* DIRECTIONS *
Would you transcribe each entry precisely as it stands, setting aside any images?

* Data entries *
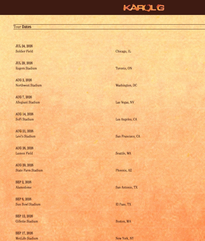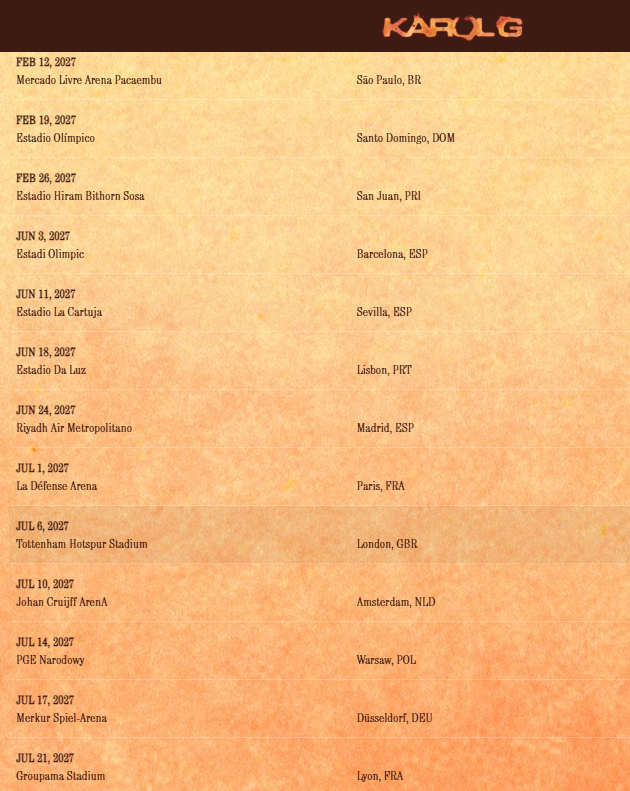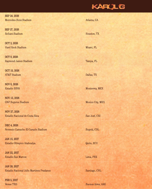 Karol G viajará después a Latinoamérica, donde se presentará antes de finalizar el año en Monterrey, Ciudad de México, San José, Bogotá, Quito, Lima, Santiago, Buenos Aires, Sao Paulo y San Juan, entre el 5 de noviembre y el 26 de febrero de 2027.
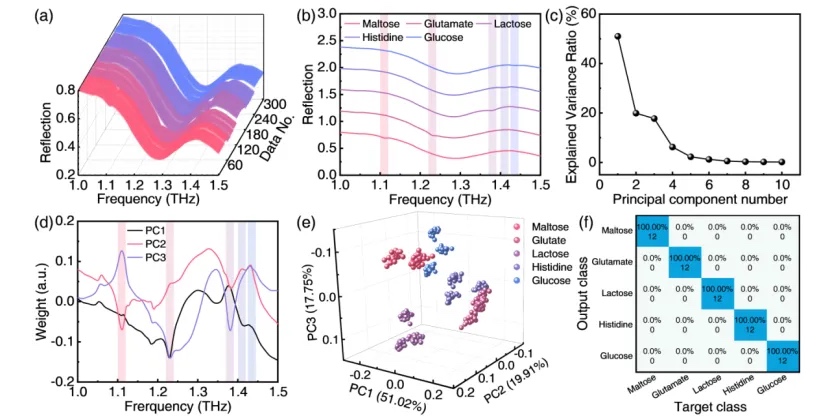 进一步,研究团队结合了机器学习算法,实现了对五种不同分子100%的识别率。在分子识别过程中,研究团队采用主成分分析(PCA)和支持向量机(SVM)相结合的方法,对获取的太赫兹光谱数据进行降维和分类。通过PCA方法,研究人员成功提取了光谱数据中的有效信息,并利用SVM实现了高精度的分子分类(图5)。
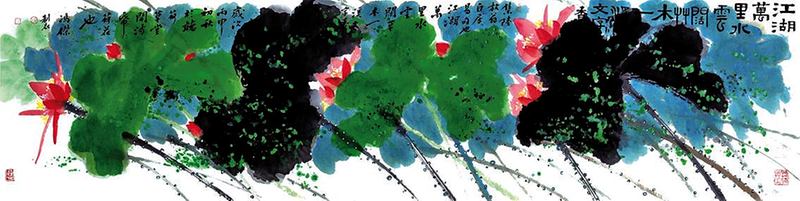 2014年,先生家里需要一张画,他忽然点名让我画。我想想画了一幅《何者为荷》。四尺对开,栽种一纸荷塘。
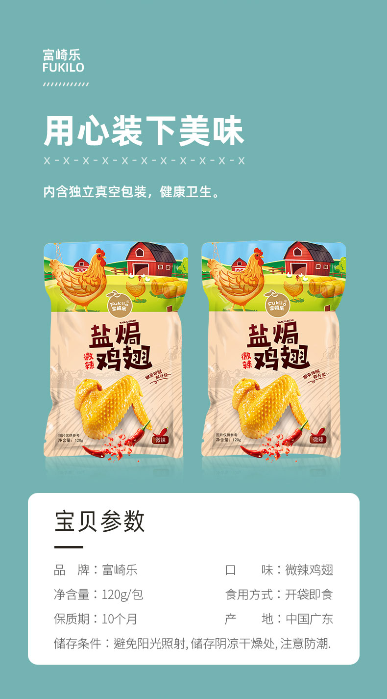 富崎乐(FUKILO) 120g*2袋 富崎乐盐焗鸡翅(微辣) 120g/袋 2袋装 (单位:袋) 富崎乐盐焗鸡翅(微辣) 120g/袋 2袋装
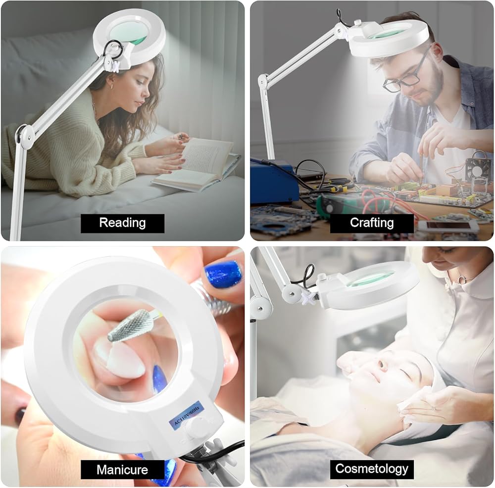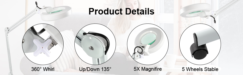 [مصباح أرضي ماج قابل للتعديل]: يمكنك إما استخدامه كمصباح أرضي زجاجي مكبر LED. تحتوي أفضل قاعدة دوارة على 5 عجلات حيث أنها تتدحرج بسهولة على السجاد والأرضيات وتتمتع بأفضل ثبات. يمكن للعدسة أن تدور إلى اليسار واليمين بزاوية 360 درجة وتقلب لأعلى ولأسفل 180 درجة، ما عليك سوى ضبط المصباح المكبر حسب احتياجاتك لتحرير كلتا يديك للعمل.
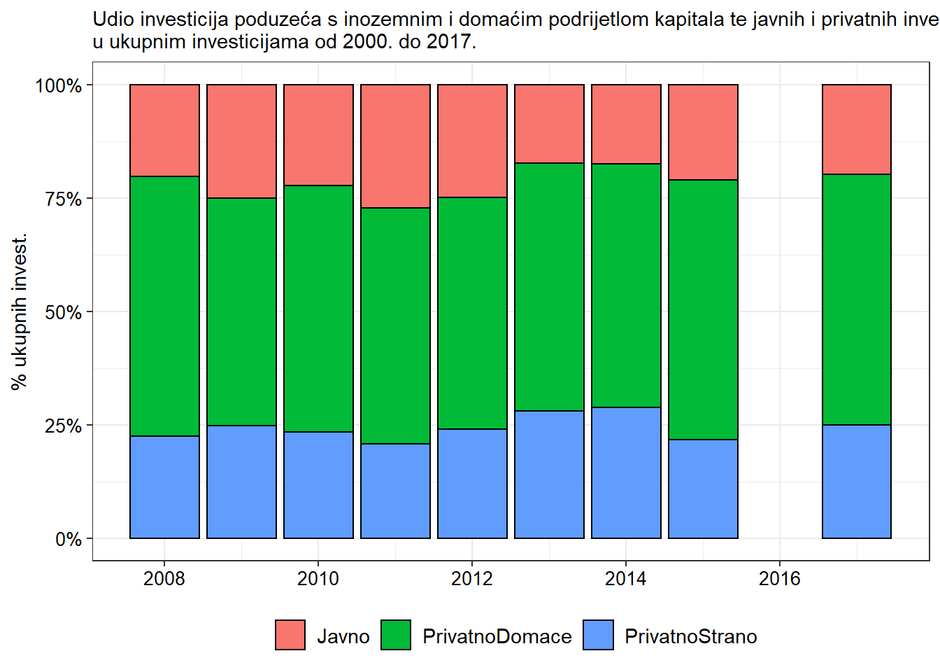 Investicije poslovnih subjekata moguće je strukturirati s obzirom na različite kriterije. Jedan od kriterija su oblik vlasništva (javno/privatno) i podrijetlo kapitala (domaće/strano). Grafikon 4 pokazuje dinamiku investicija s obzirom na oba kriterija. Privatni subjekti podijeljeni su na dvije skupine. U prvoj su skupini poduzeća s natpolovičnim stranim podrijetlom kapitala, a u drugoj poduzeća s natpolovičnim domaćim podrijetlom kapitala. Statistika o podrijetlu kapitala bilježi se tek od 2008. godine pa je i na slici prikazano razdoblje od 2008. do 2017. godine. Iako većinu investicija čine poduzeća s domaćim podrijetlom kapitala, postoji trend rasta udjela investicija poduzeća sa stranim podrijetlom kapitala. Točnije, udio investicija poduzeća sa stranim podrijetlom kapitala raste s 22% 2008. godine na 25% 2017. godine. kada se četvrtinu investicija rade poduzeća sa stranim porijeklom kapitala.
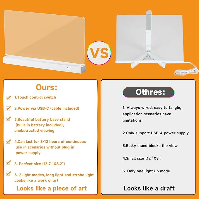 - 【Daily Planning Assistant】- Easily plan your day, week or month with the clear, spacious surface of our LED acrylic dry erase board. With a smooth writing surface and bright LED lights, you can easily plan your schedule, meet deadlines and achieve goals.
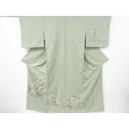 ys7313934; 宗sou 田尾笛秋作 蓑虫 鏡裏に花模様縦節紬訪問着【着】

* RESPONSE AREA *
 Karol G viajará después a Latinoamérica, donde se presentará antes de finalizar el año en Monterrey, Ciudad de México, San José, Bogotá, Quito, Lima, Santiago, Buenos Aires, Sao Paulo y San Juan, entre el 5 de noviembre y el 26 de febrero de 2027.
 进一步,研究团队结合了机器学习算法,实现了对五种不同分子100%的识别率。在分子识别过程中,研究团队采用主成分分析(PCA)和支持向量机(SVM)相结合的方法,对获取的太赫兹光谱数据进行降维和分类。通过PCA方法,研究人员成功提取了光谱数据中的有效信息,并利用SVM实现了高精度的分子分类(图5)。
 2014年,先生家里需要一张画,他忽然点名让我画。我想想画了一幅《何者为荷》。四尺对开,栽种一纸荷塘。
 富崎乐(FUKILO) 120g*2袋 富崎乐盐焗鸡翅(微辣) 120g/袋 2袋装 (单位:袋) 富崎乐盐焗鸡翅(微辣) 120g/袋 2袋装
 [مصباح أرضي ماج قابل للتعديل]: يمكنك إما استخدامه كمصباح أرضي زجاجي مكبر LED. تحتوي أفضل قاعدة دوارة على 5 عجلات حيث أنها تتدحرج بسهولة على السجاد والأرضيات وتتمتع بأفضل ثبات. يمكن للعدسة أن تدور إلى اليسار واليمين بزاوية 360 درجة وتقلب لأعلى ولأسفل 180 درجة، ما عليك سوى ضبط المصباح المكبر حسب احتياجاتك لتحرير كلتا يديك للعمل.
 Investicije poslovnih subjekata moguće je strukturirati s obzirom na različite kriterije. Jedan od kriterija su oblik vlasništva (javno/privatno) i podrijetlo kapitala (domaće/strano). Grafikon 4 pokazuje dinamiku investicija s obzirom na oba kriterija. Privatni subjekti podijeljeni su na dvije skupine. U prvoj su skupini poduzeća s natpolovičnim stranim podrijetlom kapitala, a u drugoj poduzeća s natpolovičnim domaćim podrijetlom kapitala. Statistika o podrijetlu kapitala bilježi se tek od 2008. godine pa je i na slici prikazano razdoblje od 2008. do 2017. godine. Iako većinu investicija čine poduzeća s domaćim podrijetlom kapitala, postoji trend rasta udjela investicija poduzeća sa stranim podrijetlom kapitala. Točnije, udio investicija poduzeća sa stranim podrijetlom kapitala raste s 22% 2008. godine na 25% 2017. godine. kada se četvrtinu investicija rade poduzeća sa stranim porijeklom kapitala.
 - 【Daily Planning Assistant】- Easily plan your day, week or month with the clear, spacious surface of our LED acrylic dry erase board. With a smooth writing surface and bright LED lights, you can easily plan your schedule, meet deadlines and achieve goals.
 ys7313934; 宗sou 田尾笛秋作 蓑虫 鏡裏に花模様縦節紬訪問着【着】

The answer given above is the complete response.